• MANIAC

    MATEYEVIC

  • Maniac

    Maniac is a three-track EP released on June 9th, 2018, expanding the early foundation of MATEYEVIC’s work. If Psycho was an inward glance — raw survival carved out of solitude — Maniac looks outward, louder and more confrontational, carrying the same scars but showing them in the light. The record dwells on absence, broken ties, and the resolve to step beyond repetition, turning grief and exhaustion into sharp-edged clarity.

    The EP begins with “A Place Without You”, a song of release disguised as heartbreak. Its verses trace the collapse of promises “turned to stone” and nights filled with “the same old set of lies,” but instead of surrendering, the track insists on escape. The chorus — “I want to find a place without you” — repeats like a vow, hammering independence into being. What could have been a lament becomes instead a statement of freedom, setting the tone for what follows.

    From there, “Papa” reaches deeper, into a silence that never left. It is an address to an absent father, spoken half as confession, half as ritual. “I called, but not out loud / I searched, but not in crowds” — words that circle the wound without resolving it. The track lingers in that paradox where absence still haunts like presence, where loss continues to shape the nights. Its refrain does not break open; it drifts, heavy and unsettled, like a shadow that refuses to move.

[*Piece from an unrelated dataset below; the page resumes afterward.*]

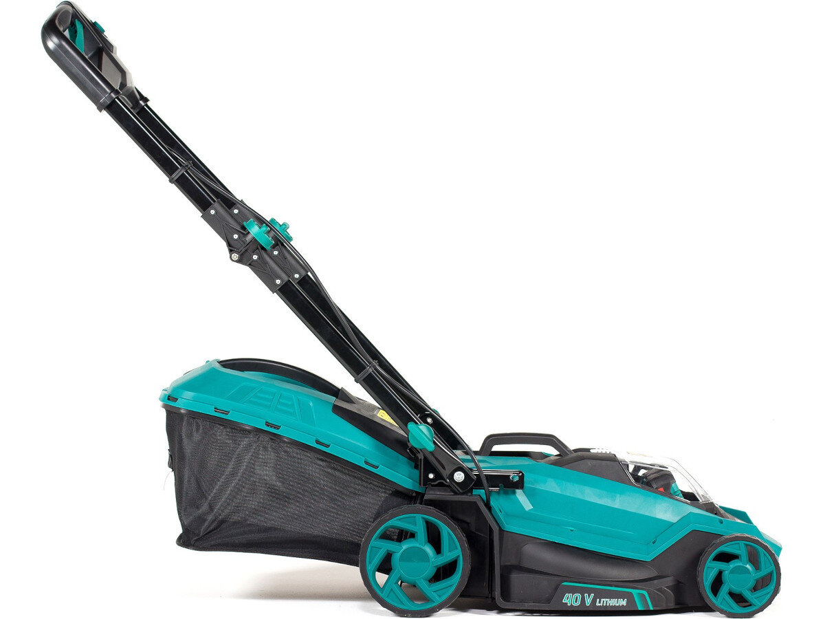 Kosiarka NAC LB-2B40-40-2X20V została wyposażona w duże koła: tylne o średnicy 20 cm oraz przednie 15 cm, które poprawiają komfort jej prowadzenia i chronią trawnik. Ergonomicznie wyprofilowany uchwyt z możliwością zmiany wysokości dodatkowo podnosi wygodę prac. Przechowywanie i transportowanie kosiarki NAC LB-2B40-40-2X20V jest niezwykle łatwe dzięki systemowi szybkiego składania rączek.

    The closing track, “I Won’t Repeat”, gathers the exhaustion of cycles and brings it to an end. It is the longest and most resolute piece on the record, admitting the weight of everything tried and lost: “I’m out of lines, nothing new to say we haven’t said a hundred times.” Yet within its fatigue lies renewal, a choice to stop replaying the same mistakes and begin again, “teaching myself a different hope.” By the time the chorus declares “That’s why I won’t repeat,” the refusal feels not bitter but liberated, a boundary drawn with finality.

    Taken together, the three songs form an answer to Psycho’s first statement. Where that record embraced solitude as strength, Maniac confronts the ties that wound and chooses not to carry them forward. It is not polished or reconciled, but it is sharper, more defiant — a voice that refuses silence, insists on survival, and claims power in the act of not turning back.